Debug Production
Deep investigation of production issues in Automation Analytics. Gathers pod status, logs, metrics, alerts, recent deployments, and suggests likely causes.
Kubeconfig Rules
NEVER copy kubeconfig files.
| File | Environment |
|---|---|
~/.kube/config.s | Stage |
~/.kube/config.p | Production |
Use --kubeconfig=~/.kube/config.p for prod.
Inputs
| Input | Type | Default | Purpose |
|---|---|---|---|
namespace | string | - | main or billing (ask if missing) |
alert_name | string | - | Prometheus alert if triggered by alert |
pod_filter | string | - | Filter pods (e.g., fastapi, processor) |
time_range | string | 1h | Log search window (15m, 1h, 6h, 24h) |
issue_key | string | - | Jira key to attach session context |
Persona
Load incident persona (prometheus, alertmanager, kibana, k8s, grafana).
Workflow
1. Bootstrap
- •
persona_load("incident") - •
check_known_issues("kubectl_get_pods") - •
check_known_issues("kibana_search_logs") - •If no namespace: ask user (main vs billing)
2. Load Patterns
- •
memory_read("learned/patterns")→ error_patterns
3. Pod Status
- •
kubectl_get_pods(namespace, environment="production") - •
kubectl_top_pods(namespace, environment="production") - •Parse: CrashLoopBackOff, OOMKilled, Error, Pending, ImagePullBackOff, high restarts
4. Events
- •
kubectl_get_events(namespace, environment="production") - •Filter: warning, error, failed, killed, backoff, unhealthy
5. Pod Logs
- •For unhealthy pods (up to 3):
kubectl_describe_pod,kubectl_logs(pod, namespace, tail=500, since=time_range) - •Extract error/exception/traceback lines
6. Alerts
- •
alertmanager_alerts(environment="production") - •If alert_name: search app-interface alert YAML for definition
7. Kibana Logs
- •
kibana_search_logs(query="error OR exception OR traceback", namespace, environment="production", limit=20) - •
kibana_get_errors(namespace, environment="production") - •
kibana_trace_request— if request_id in summary
8. Slack Context
- •
persona_load("slack")→slack_find_channel,slack_list_messages(team-automation-analytics) - •
persona_load("incident")— restore
9. Metrics
- •
prometheus_query— 5xx error rate - •
prometheus_query_range— error rate trend, memory trend - •
prometheus_pod_health,prometheus_rules - •
grafana_dashboard_list,grafana_dashboard_get,prometheus_grafana_link
10. Deployments
- •
kubectl_get_deployments,kubectl_get(resource="replicasets") - •Check app-interface CICD config for deployed SHA
- •Check namespace config from app-interface
11. Knowledge & Code Search
- •
code_search(query=error_from_logs, project="automation-analytics-backend") - •
knowledge_query(project="automation-analytics-backend", persona="devops", section="patterns.deployment") - •
knowledge_query(..., section="gotchas")
12. Match Patterns
Match pod issues against known_patterns.
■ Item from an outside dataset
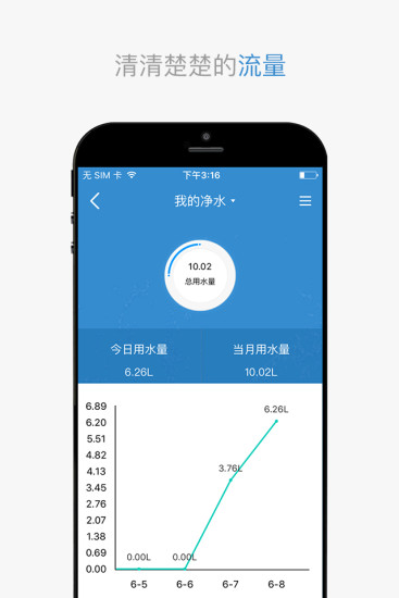 【用水日志】:详细记录您的日常用水数据,包括总用水量、月度用水趋势、单日用水高峰等,帮助您了解家庭饮水习惯。数据支持多维度分析,可以按周、月、季度查看用水报告,为节约用水提供科学依据。

Add generic suggestions: OOMKilled, CrashLoopBackOff, ImagePullBackOff.
13. Attach to Jira
- •If
issue_key:jira_attach_session(issue_key, include_transcript=true)
14. Log & Update
- •
memory_session_log("Debugged production", ...) - •Update
state/environments
15. Failure Recovery
- •k8s "unauthorized" →
kube_login(cluster="prod") - •"no route to host" →
vpn_connect() - •Prometheus "connection refused" → VPN/auth
- •Kibana 401 → check credentials
- •
learn_tool_fix(...)for patterns
Output
Report: pod status, resource usage, events, error logs, Kibana errors, metrics, deployments, pattern matches, Grafana/Kibana links, suggested Prometheus queries.
Chains To
- •
hotfix,rollout_restart,scale_deployment - •
silence_alert,create_jira_issue,learn_pattern